What this task involves
Here the job is to copy the data exactly and to exclude every image from it.

Collected material
====
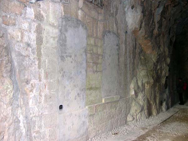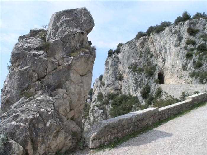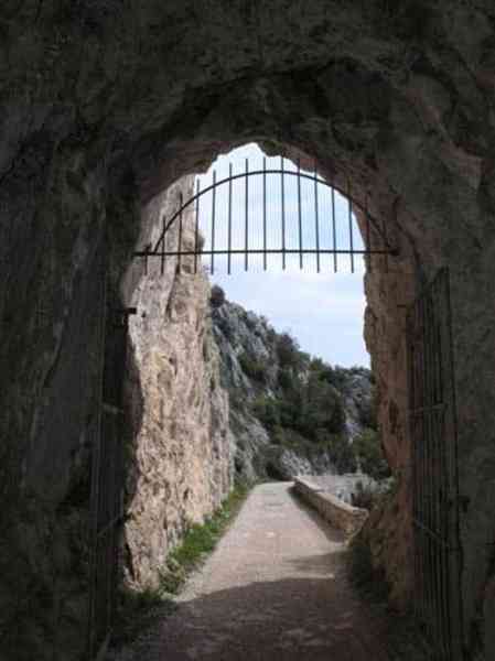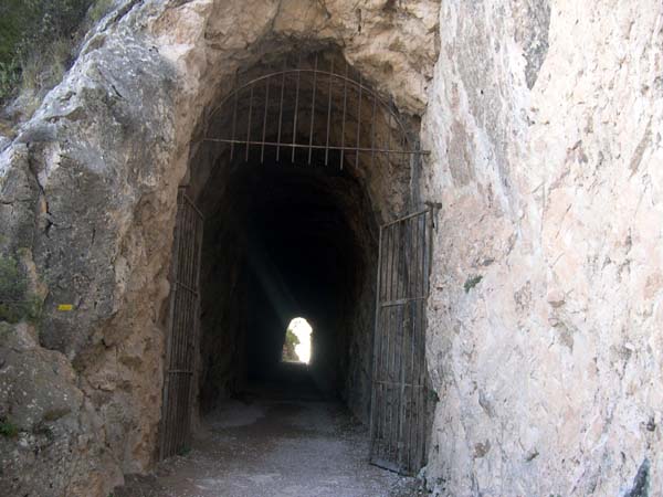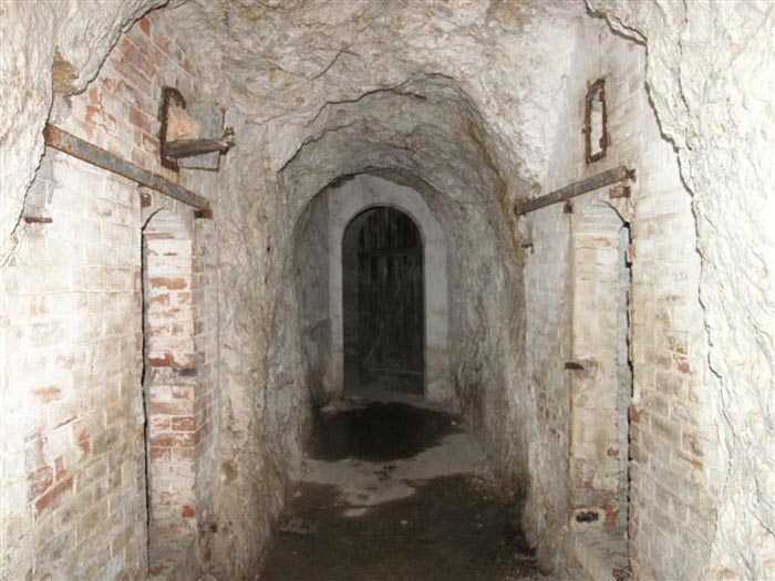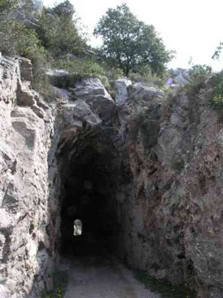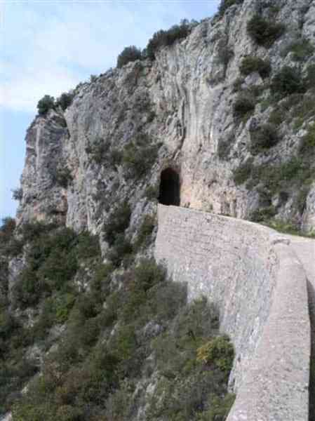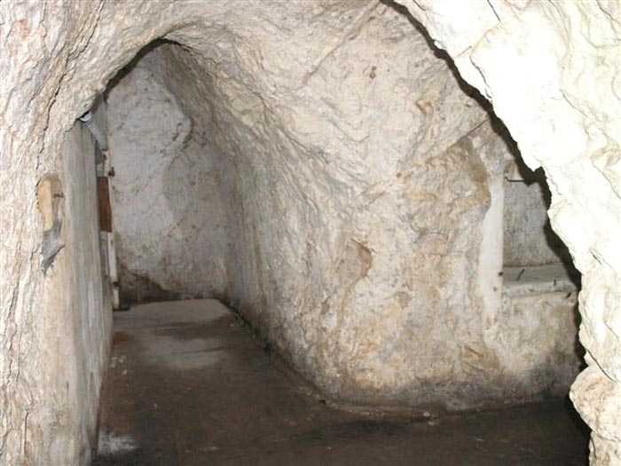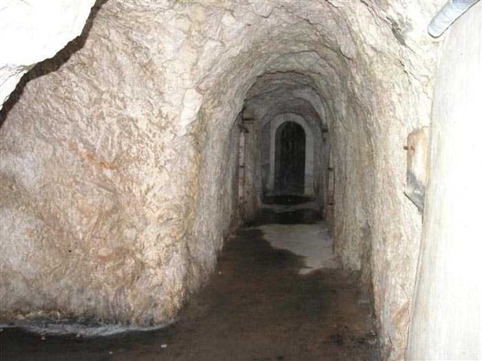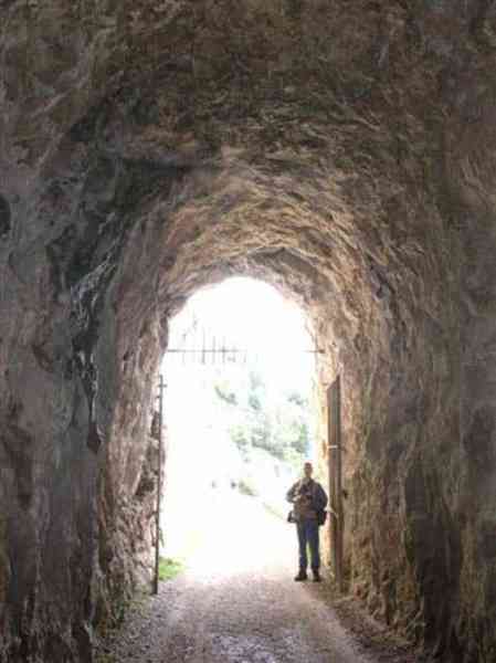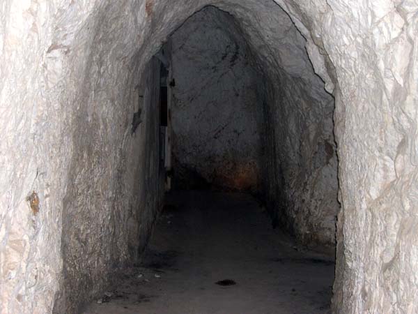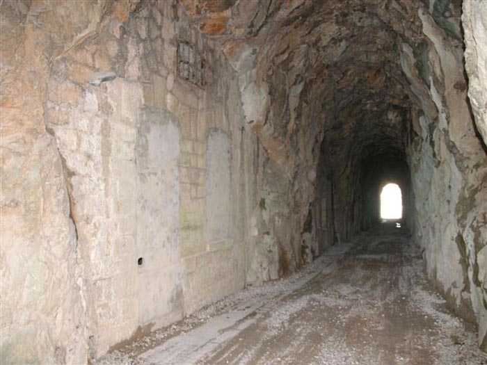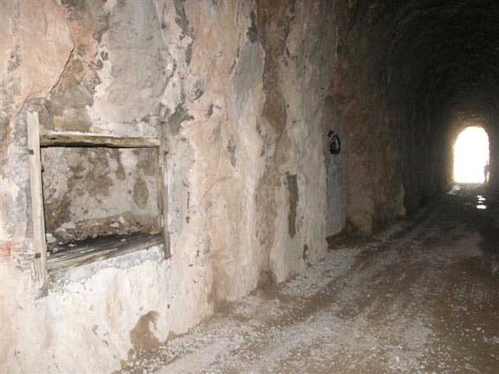 Fortress of Nice, east-northeast of the city, ± 1890. 650 m/alt. Rock magazine arranged in the side of a tunnel excavated for the passage of the strategic road leading from Revère to Forna. This tunnel, straight and about a hundred meters long, is located approximately 150 m behind and below Simboula battery. Contrary to what is observed in the Guigo tunnel, the magazine is situated in the center of the tunnel. From left to right: after two rooms serving the personnel (attested by field bed fixations), follows a loading workshop/magazine for loaded projectiles of 10 x 5 m. This magazine comprises two lamp embrasures and, opposite its entrance, on the right, escapes from it a gallery provided with two fuzes niches. These niches, masonry in terracotta bricks, were closed by a sliding door of which only the upper rail remains today (04/2008). At the end of this gallery, a diverticulum provided with a third niche, different because opening 70 cm from the ground, joins the tunnel on the right and, on the left, preceded by an airlock, a powder room, 4 m deep for a width of 7 m completes the whole. The ceiling of this vaulted room is in terracotta bricks with a trapdoor allowing if necessary to reach the extrados separated from the rock by a ventilated space. In the tunnel itself, between the two accesses to the magazine, a last niche, similar to that of the right corridor, has preserved its wooden frame. The General Council of Alpes-Maritimes has walled up all these rooms and, as expected, curious people have either drilled a simple orifice to see, or plainly arranged a passage, which is the case for the magazine. Nevertheless, the interior of the latter is very clean and the embrasures still show their duly grilled air admission and evacuation as well as a few meters of smoke vents. This magazine had the probable role of resupplying the magazines of Simboula batteries, but also those of Pin and Forna. It is therefore a sector magazine. Access to the tunnel is free.
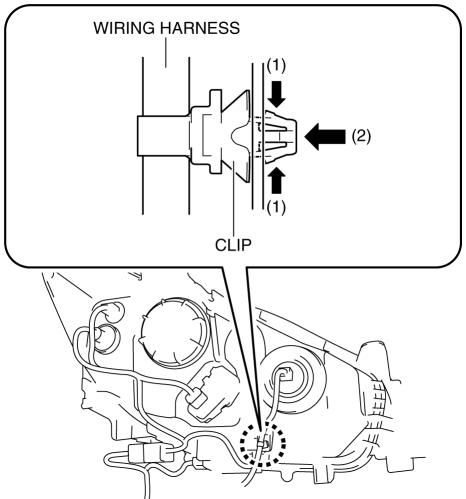 4. While pressing the clip tab in the direction of the arrows (1) shown in the figure, press the clip in the direction of the arrow (2) shown in the figure to detach the clip tab and front combination light (LH of discharge type).
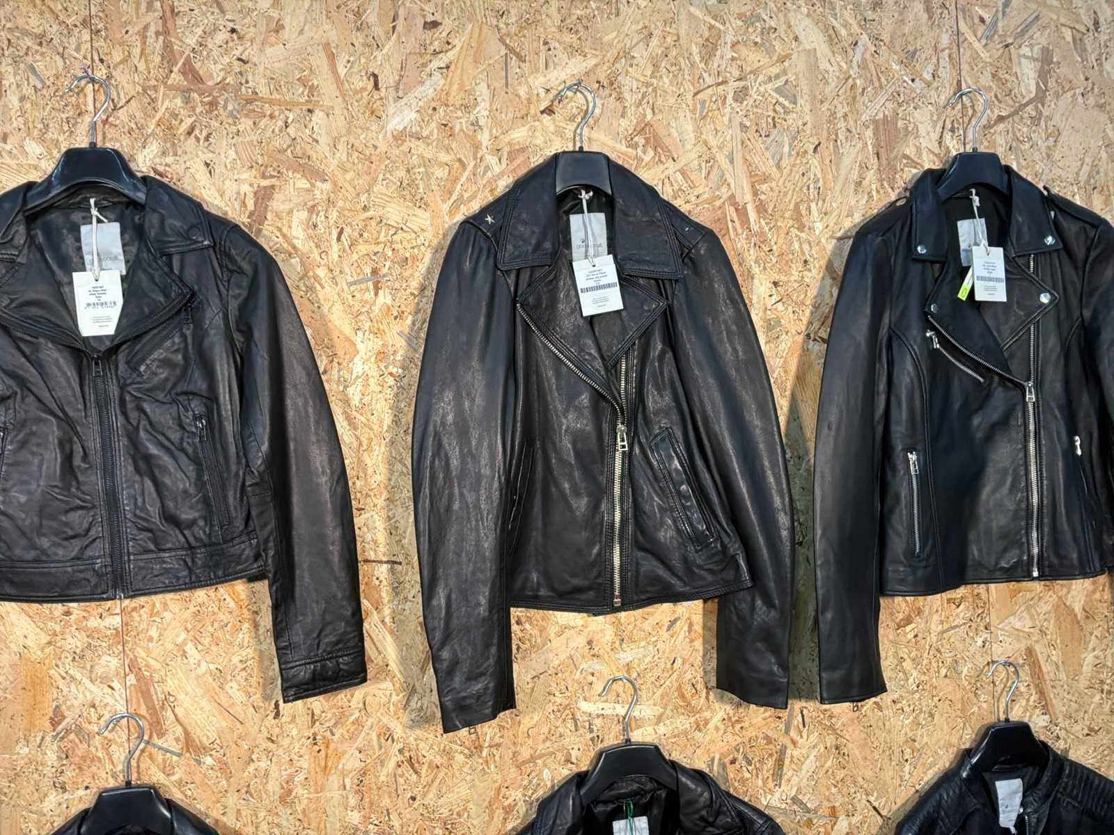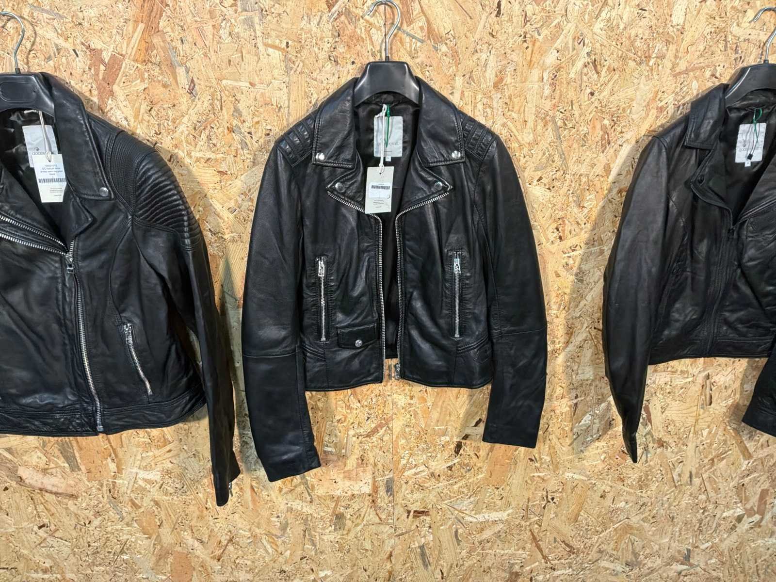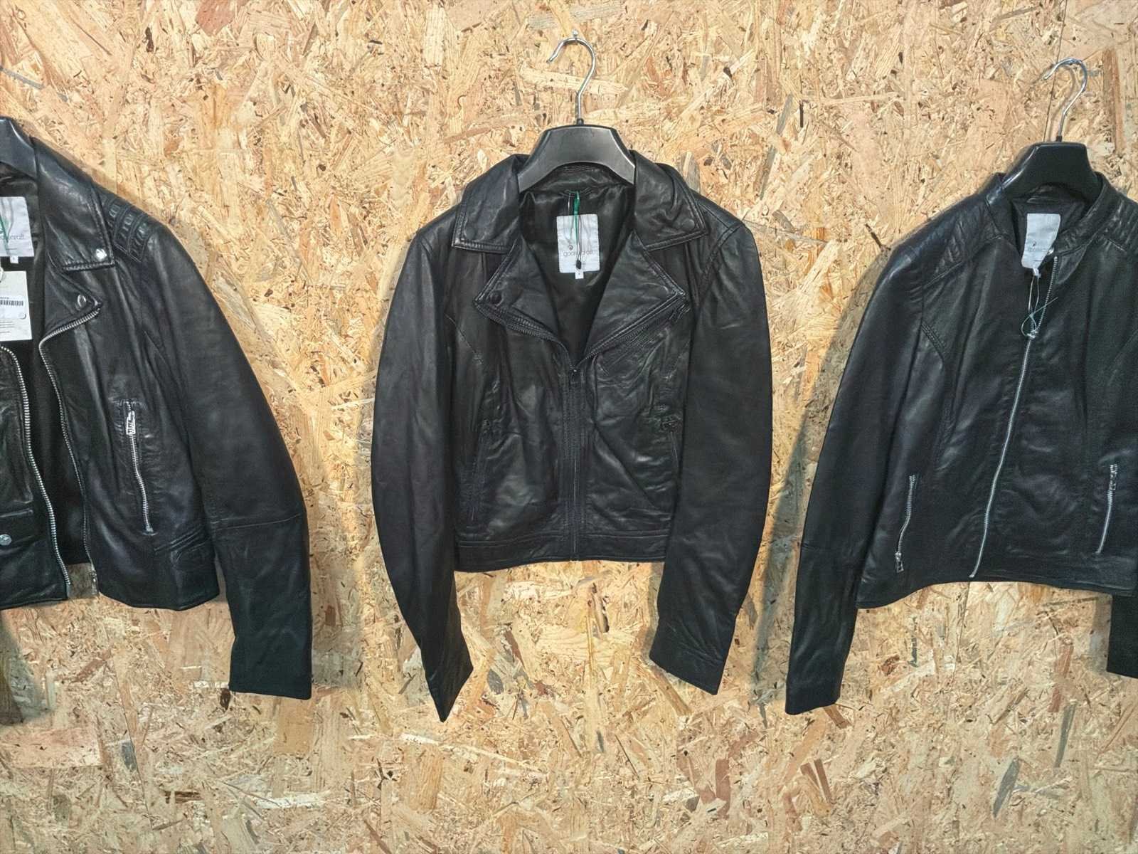 Diverse leren dames jassen in verschillende modellen, kleuren en maten. Inclusief kledinghangers. Mochten erop de items beveiligingstags zitten worden deze nog verwijderd voor de uitleverdag. Merk: Goose-craft
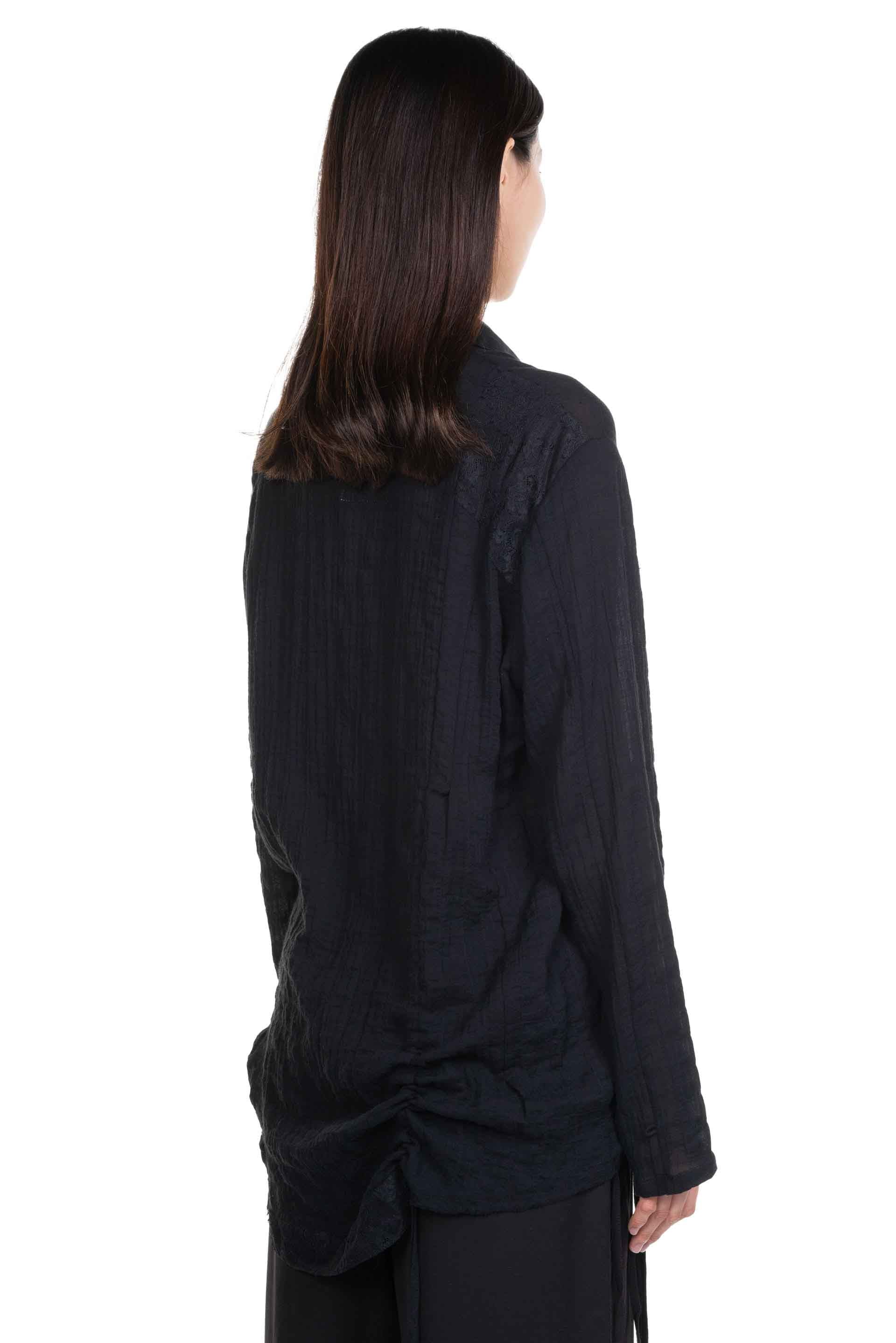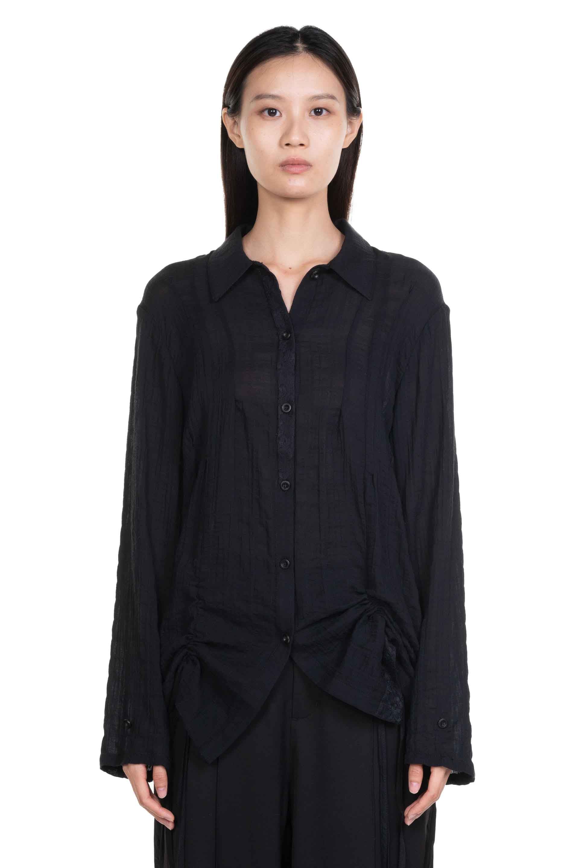 Black Drawstring Shirt from Professor e. Long sleeves. Button closure at front. Pleated at front and back. Button at cuffs. Panelled construction. Drawstring details at back at front.
====
Answer space
 Fortress of Nice, east-northeast of the city, ± 1890. 650 m/alt. Rock magazine arranged in the side of a tunnel excavated for the passage of the strategic road leading from Revère to Forna. This tunnel, straight and about a hundred meters long, is located approximately 150 m behind and below Simboula battery. Contrary to what is observed in the Guigo tunnel, the magazine is situated in the center of the tunnel. From left to right: after two rooms serving the personnel (attested by field bed fixations), follows a loading workshop/magazine for loaded projectiles of 10 x 5 m. This magazine comprises two lamp embrasures and, opposite its entrance, on the right, escapes from it a gallery provided with two fuzes niches. These niches, masonry in terracotta bricks, were closed by a sliding door of which only the upper rail remains today (04/2008). At the end of this gallery, a diverticulum provided with a third niche, different because opening 70 cm from the ground, joins the tunnel on the right and, on the left, preceded by an airlock, a powder room, 4 m deep for a width of 7 m completes the whole. The ceiling of this vaulted room is in terracotta bricks with a trapdoor allowing if necessary to reach the extrados separated from the rock by a ventilated space. In the tunnel itself, between the two accesses to the magazine, a last niche, similar to that of the right corridor, has preserved its wooden frame. The General Council of Alpes-Maritimes has walled up all these rooms and, as expected, curious people have either drilled a simple orifice to see, or plainly arranged a passage, which is the case for the magazine. Nevertheless, the interior of the latter is very clean and the embrasures still show their duly grilled air admission and evacuation as well as a few meters of smoke vents. This magazine had the probable role of resupplying the magazines of Simboula batteries, but also those of Pin and Forna. It is therefore a sector magazine. Access to the tunnel is free.
 4. While pressing the clip tab in the direction of the arrows (1) shown in the figure, press the clip in the direction of the arrow (2) shown in the figure to detach the clip tab and front combination light (LH of discharge type).
 Diverse leren dames jassen in verschillende modellen, kleuren en maten. Inclusief kledinghangers. Mochten erop de items beveiligingstags zitten worden deze nog verwijderd voor de uitleverdag. Merk: Goose-craft
 Black Drawstring Shirt from Professor e. Long sleeves. Button closure at front. Pleated at front and back. Button at cuffs. Panelled construction. Drawstring details at back at front.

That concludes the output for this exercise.